> _RECORDS FOR THIS EXERCISE_
== == ==
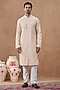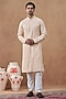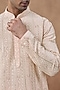 Featuring a pastel peach kurta in cotton silk base with sequins embroidery. It is paired with pyjama pants. Style it with mojaris for a festive occasion, cultural event, wedding or engagement ceremony.
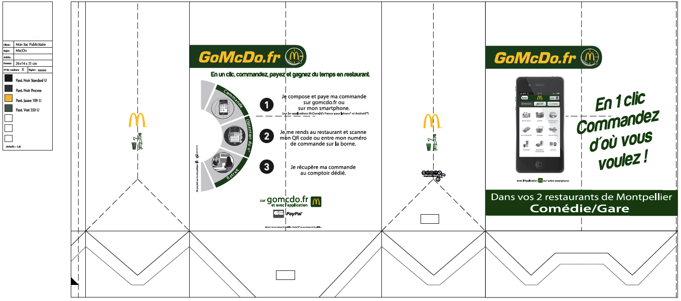 Pour cette enseigne, nous avons réalisé, fin 2012, des sacs pour une de ces opérations de street marketing (marketing de rue), reconnues pour leur créativité et leur originalité. Objectif de cette campagne GoMcDo.fr menée à Montpellier : inciter les clients à utiliser une application Smartphone pour commander, payer et récupérer leur repas.
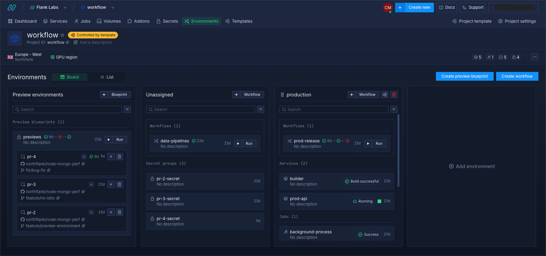 Environments on Northflank allow you to automate your release process and preview changes in isolated environments.
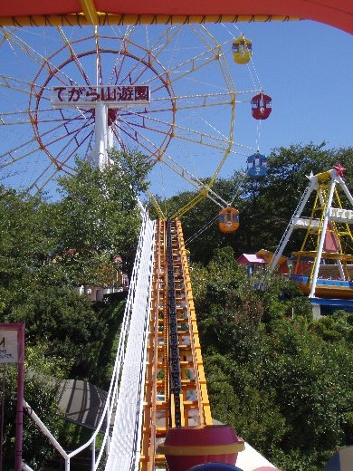昨日は実家&こどもの国へ行ってきました♪まだぶどうくんを見ていない父のために実家に行こうと思ったんですが、いつも一日実家にいると私達は休まるけど(笑)、母は大変だし子供達は飽きるので、たまには子供の国に連れて行ってあげようと思って計画しました♪こどもの国は実家からバスで行ける程度の遠さなのですが私は小学校の頃は6年間遠足はこどもの国、夏はプール、冬はスケートをしに毎週のように出かけていた、わが庭のようなもので(笑)とても身近な場所です。父が昔から子供達を連れて行きたいと切望していたんですが連れて行けないまま病気に倒れ、皮肉なもので、毎週見舞いに行っていたときに、一度子供達は弟と一緒に行きましたが、まだ父とはいけずじまいでした。母にその計画を話したら、是非父も行きたい!とのことで一緒に行くことに♪子供達にはホームページを見せたり、前回行ったときの写真を見せたらもちろん大盛り上がりでしたが、病気で時間の概念がちょっとおかしい父も、今日か?今日か?と毎日聞くほど楽しみにしていたようです♪そんなわけで朝早いうちに実家へ出かけて、ぶどうくんに授乳だけして11時には出発しました。父と母はタクシーで、私達は車で。正面玄関で車椅子をレンタルして、中に入るともう12時だったので、まずはお弁当タイム。(の前にチョークでお絵かきしたんだったわ)↓子どもが喜ぶようにほとんど大人と子どものお弁当を同じものにしました♪随分食材が増えた感じがするでしょ!(^^楽しくお弁当を食べて、お楽しみの梨を食べた後はお遊び開始!正面玄関脇の遊具広場で、炎天下の中楽しそうに遊ぶ二人。父は、ちょっと見えてもすぐに姿が見えなくなると悲しそうでしたが(笑)、日陰でぶどうくんを見て嬉しそうでした♪一時間ほど遊んだあとは、ミニSLへ。パパに並んでもらっている間に、ばあばが持ってきてくれたシャボン玉をし、SLを堪能。そしてSLから見えた公園にも行きたい!と奥へ進みました。父はそのたび、車椅子を降りて一生懸命段差を歩き椅子に座って鑑賞。ずっとずっと念願だったこどもの国が嬉しくてしょうがない様子。ああ、おれも一緒に駆け回りたい!と言ってました。。そしてこのままでは時間がいくらあっても足りないと早めに次へ。お次は前回も大喜びだったお椀のような滑る場所を楽しんでローラー滑り台へ。あまりに大きすぎて一回でこちらはおしまい。そしてせせらぎ広場で遊びたい!というのを何とかなだめて、おとぎの広場でちょっと遊びその後も道々ちょっとづつ置いてある遊具で遊びつつまわりました。そしてやっと牧場に到着。実は2人、ホームページを見て、お馬さんに乗りたい!って言ってたんです。でも牧場で、お馬かあ。。。痒そうだなあといまいち乗り気になれなかった私。それで牧場に着く頃には時間がなくなっちゃった、という風になるように、遊具で遊ばせつつまわってたんですよね(笑)牧場についてまずポニーが目に付いたんですが、計画通り(笑)、ポニーに乗るのはもうおしまいになってた!でも去年東武動物公園とか市川動植物園だったかな?でポニーを見たときは遠くからでも号泣だったのに今回は残念そうに、近くによってポニーとしばし遊んでいてびっくりしました(^^そして牧場の奥の子ども動物園に気づかないように(笑)先に進み、ソフトクリーム作り見学コーナーへ。見学はやってなかったんだけど、ソフトクリームって見てみたい!と言う2人のために、パパがソフトクリームを食べました(笑)そして今度は搾乳室へ。怖い怖い(笑)牛さんのお乳が搾られる場所です。ガラスに囲まれてふれる可能性はなく安心なので楽しく搾乳を見学。乳牛のおっぱいって凄いですね!あんなに張ったら痛そうとか思っちゃいましたよ(笑)そして搾乳室の後ろにある子ども遊牧場で走りたい!と2人が言うので、パパと2人は遊牧場へ。山のてっぺんまでかけあがり、ボールを少し投げて上から一気に走って降りてきました(^^楽しそう!芝生に寝転がったりはしなかったから農薬も大丈夫かな(^^;そしてここでタイムアップ!閉園の音楽が。もし時間があったら自転車乗り場とか乗り物系もとか思ってたけど、とてもとてもそこまでは回れずでした。父と母は、裏の駐車場から車に乗って先に家に。私達は更に遊具で多少遊びつつ急いで玄関へ。駐車場の出口渋滞にもまれつつ実家に戻るともう5時半過ぎ。駐車場まで母が出てきてくれたので、子供達を託し私と旦那さんは夕食へ。昨日の夕食は考えた末、一度行ってみたいと思っていたこのステーキ屋さんへ。最初はぶどうくんも預けて行く予定だったけど、帰るときに気づいたら、ぶどうくん、お昼ご飯のときにおっぱい飲んで以来、一度も飲まずじまいだったんです!(笑)それで、ぶどうくんも連れて行くことに。ベビー連れで行くと、素敵な個室に通してくれてパパはコースを、私はひれステーキの単品とポテトフライトライスを注文。完全バリアフリーだったし
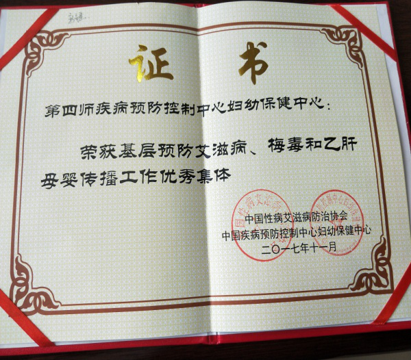 第四师妇幼保健中心深入学习贯彻落实国家艾滋病、性病等传染病防治工作方针、政策及法律法规,高度重视预防艾滋病、梅毒和乙肝母婴传播工作,把预防艾滋病、梅毒和乙肝母婴传播工作作为重要任务,并纳入年度绩效考核,在工作中不断积累经验,取得了显著成绩,荣获“预防艾滋病、梅毒和乙肝母婴传播工作优秀集体”,近期收到中国性病艾滋病防治协会颁发的奖牌和证书。四师妇幼保健中心将以此为契机,带动全师妇幼保健管理工作再上新台阶。
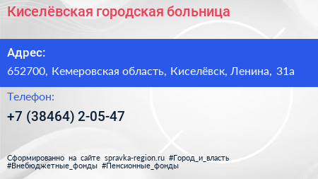 Киселёвская городская больница по адресу 652700, Кемеровская область, Киселёвск, Ленина, 31а в дальнейшем Организация, размещена в следующих категориях:
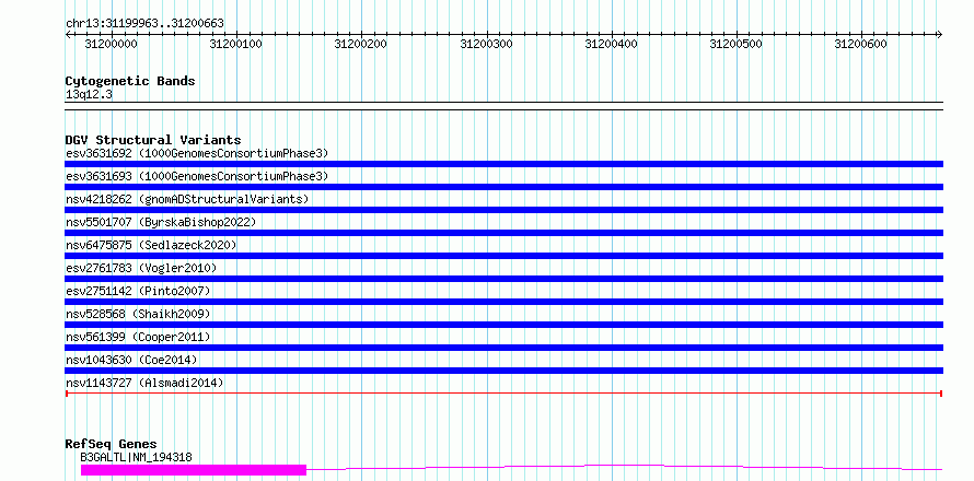 Variant DetailsVariant: nsv1143727| Internal ID | 19286394 | | Landmark | | | Location Information | | | Cytoband | 13q12.3 | | Allele length | | Assembly | Allele length | | hg38 | 701 | | hg19 | 701 |
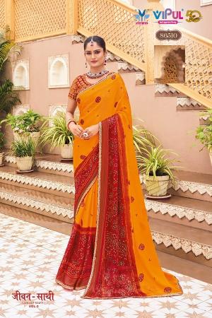 Looking for vipul jeevan saathi vol 2 georgette & chiffon 86508 to 86519 indian saree for ladies Full Catalouge at Best Price? Buy Now vipul jeevan saathi vol 2 georgette & chiffon 86508 to 86519 indian saree for ladies at Wholesale Rate of Rs 11952 with Total 12 Pcs from authroized dealer and supplier of Vipul Fashion Brand. Cost of Each piece is just only Rs 996 which is very low and affordable price to resale the product in your retail store. rrgandhi is Surat based Wholesale Supplier & Dealer of Vipul Fashion Brand. Click on Brand name to Know more about Brand's products.
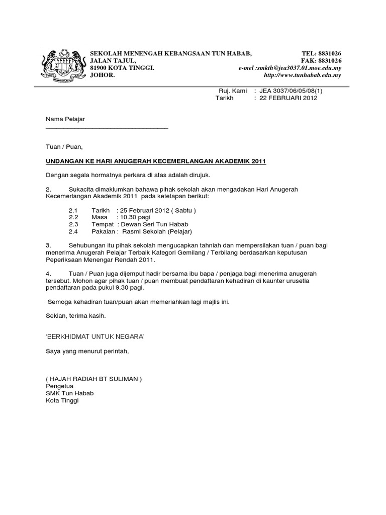 Ucapan sempena hari anugerah sekolah. 19 November 2014 72 Hari. 18 Contoh Surat Jemputan Hari Anugerah Kecemerlangan Pictures.
== == ==
> _WORK REQUEST_
Would you copy out, exactly and with no pictures, only the lines above from the one that contains "Pour cette enseigne, nous" through the one that contains "Environments on Northflank"?

> _TASK ANSWER_
 Pour cette enseigne, nous avons réalisé, fin 2012, des sacs pour une de ces opérations de street marketing (marketing de rue), reconnues pour leur créativité et leur originalité. Objectif de cette campagne GoMcDo.fr menée à Montpellier : inciter les clients à utiliser une application Smartphone pour commander, payer et récupérer leur repas.
 Environments on Northflank allow you to automate your release process and preview changes in isolated environments.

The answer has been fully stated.